#### DATA UNDER STUDY
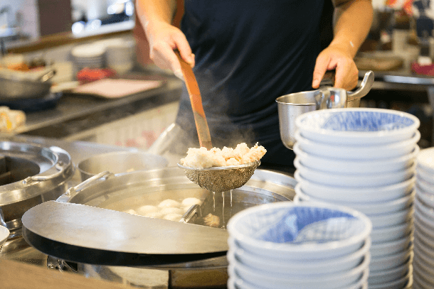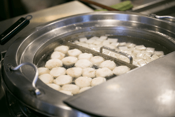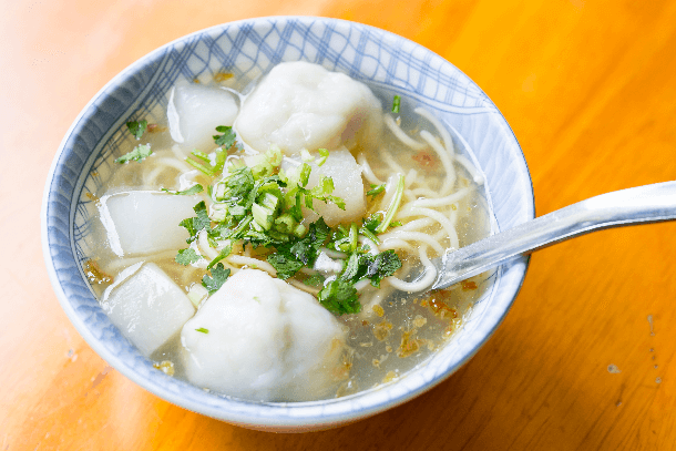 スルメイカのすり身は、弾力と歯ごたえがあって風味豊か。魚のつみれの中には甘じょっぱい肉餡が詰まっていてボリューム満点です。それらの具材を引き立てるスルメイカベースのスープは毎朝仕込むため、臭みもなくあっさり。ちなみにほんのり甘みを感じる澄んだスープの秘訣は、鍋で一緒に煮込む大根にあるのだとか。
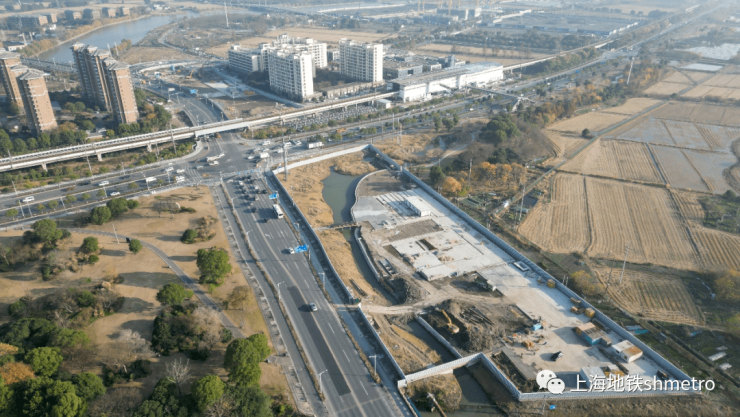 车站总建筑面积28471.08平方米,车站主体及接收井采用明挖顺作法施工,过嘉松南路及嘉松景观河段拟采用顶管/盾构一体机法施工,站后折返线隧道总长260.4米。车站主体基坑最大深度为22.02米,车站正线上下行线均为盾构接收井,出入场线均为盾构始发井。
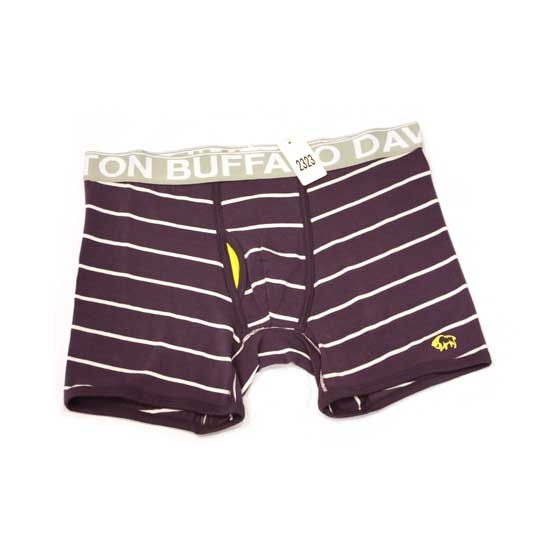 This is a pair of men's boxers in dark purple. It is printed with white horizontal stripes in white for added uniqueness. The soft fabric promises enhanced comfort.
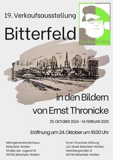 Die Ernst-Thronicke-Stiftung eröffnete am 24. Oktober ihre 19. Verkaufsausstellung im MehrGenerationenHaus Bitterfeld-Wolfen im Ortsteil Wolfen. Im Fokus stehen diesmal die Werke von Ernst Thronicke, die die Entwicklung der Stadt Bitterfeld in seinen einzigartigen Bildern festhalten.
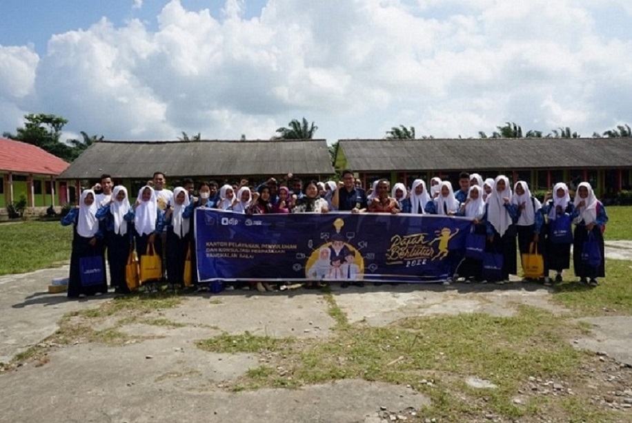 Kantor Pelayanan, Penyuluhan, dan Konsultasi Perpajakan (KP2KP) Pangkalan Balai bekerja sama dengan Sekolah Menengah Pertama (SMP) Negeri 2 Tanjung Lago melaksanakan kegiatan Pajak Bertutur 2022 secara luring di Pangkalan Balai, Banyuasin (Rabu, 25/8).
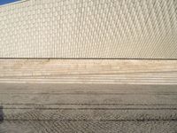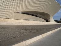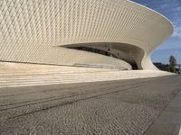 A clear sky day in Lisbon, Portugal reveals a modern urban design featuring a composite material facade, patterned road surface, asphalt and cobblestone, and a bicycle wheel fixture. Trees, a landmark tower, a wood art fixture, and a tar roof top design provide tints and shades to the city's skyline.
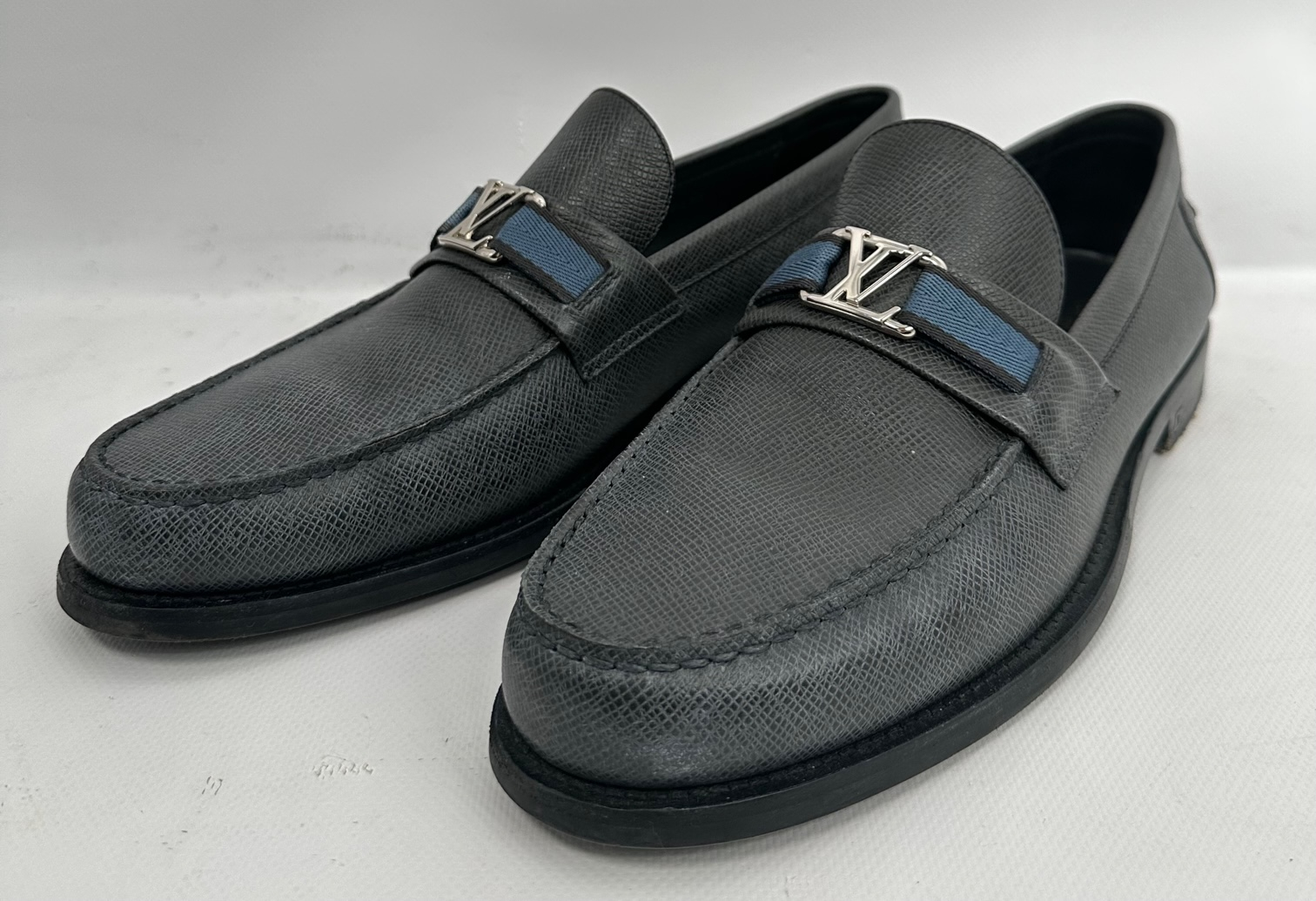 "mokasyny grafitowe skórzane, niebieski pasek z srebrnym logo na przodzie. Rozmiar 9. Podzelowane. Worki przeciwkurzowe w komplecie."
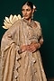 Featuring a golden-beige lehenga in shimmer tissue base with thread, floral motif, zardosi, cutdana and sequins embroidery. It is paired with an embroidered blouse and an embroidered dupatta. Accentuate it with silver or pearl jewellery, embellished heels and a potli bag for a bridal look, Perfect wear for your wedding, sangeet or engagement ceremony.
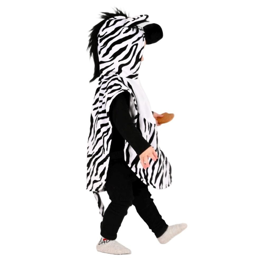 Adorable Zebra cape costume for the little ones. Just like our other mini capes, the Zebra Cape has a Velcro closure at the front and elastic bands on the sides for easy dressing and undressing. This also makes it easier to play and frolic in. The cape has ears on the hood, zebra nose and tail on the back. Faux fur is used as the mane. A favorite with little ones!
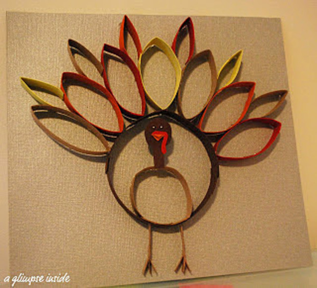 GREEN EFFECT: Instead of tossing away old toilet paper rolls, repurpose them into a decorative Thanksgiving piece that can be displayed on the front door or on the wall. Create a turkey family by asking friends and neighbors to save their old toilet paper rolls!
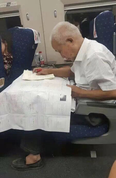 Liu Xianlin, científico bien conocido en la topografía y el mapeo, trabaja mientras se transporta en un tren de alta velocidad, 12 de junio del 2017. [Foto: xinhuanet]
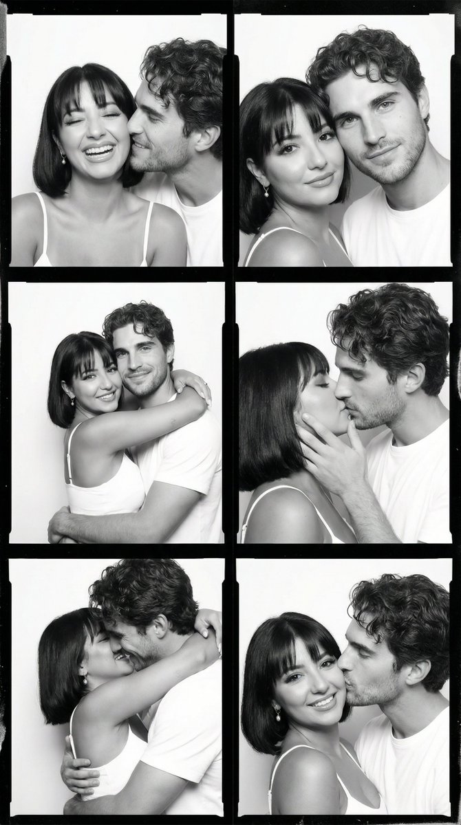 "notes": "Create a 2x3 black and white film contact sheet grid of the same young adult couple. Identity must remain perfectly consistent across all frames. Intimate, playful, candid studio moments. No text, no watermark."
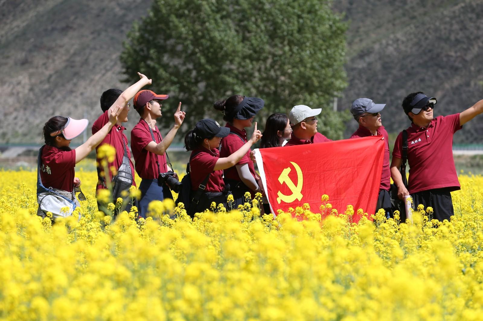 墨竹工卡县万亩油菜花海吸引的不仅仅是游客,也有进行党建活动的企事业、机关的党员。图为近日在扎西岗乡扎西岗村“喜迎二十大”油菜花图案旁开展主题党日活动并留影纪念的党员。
########
◆ THE TASK
Starting at the first line of the data, set down each line exactly until you have copied the line with "Die Ernst-Thronicke-Stiftung eröffnete", but leave the pictures out.

◆ WRITTEN SOLUTION
 スルメイカのすり身は、弾力と歯ごたえがあって風味豊か。魚のつみれの中には甘じょっぱい肉餡が詰まっていてボリューム満点です。それらの具材を引き立てるスルメイカベースのスープは毎朝仕込むため、臭みもなくあっさり。ちなみにほんのり甘みを感じる澄んだスープの秘訣は、鍋で一緒に煮込む大根にあるのだとか。
 车站总建筑面积28471.08平方米,车站主体及接收井采用明挖顺作法施工,过嘉松南路及嘉松景观河段拟采用顶管/盾构一体机法施工,站后折返线隧道总长260.4米。车站主体基坑最大深度为22.02米,车站正线上下行线均为盾构接收井,出入场线均为盾构始发井。
 This is a pair of men's boxers in dark purple. It is printed with white horizontal stripes in white for added uniqueness. The soft fabric promises enhanced comfort.
 Die Ernst-Thronicke-Stiftung eröffnete am 24. Oktober ihre 19. Verkaufsausstellung im MehrGenerationenHaus Bitterfeld-Wolfen im Ortsteil Wolfen. Im Fokus stehen diesmal die Werke von Ernst Thronicke, die die Entwicklung der Stadt Bitterfeld in seinen einzigartigen Bildern festhalten.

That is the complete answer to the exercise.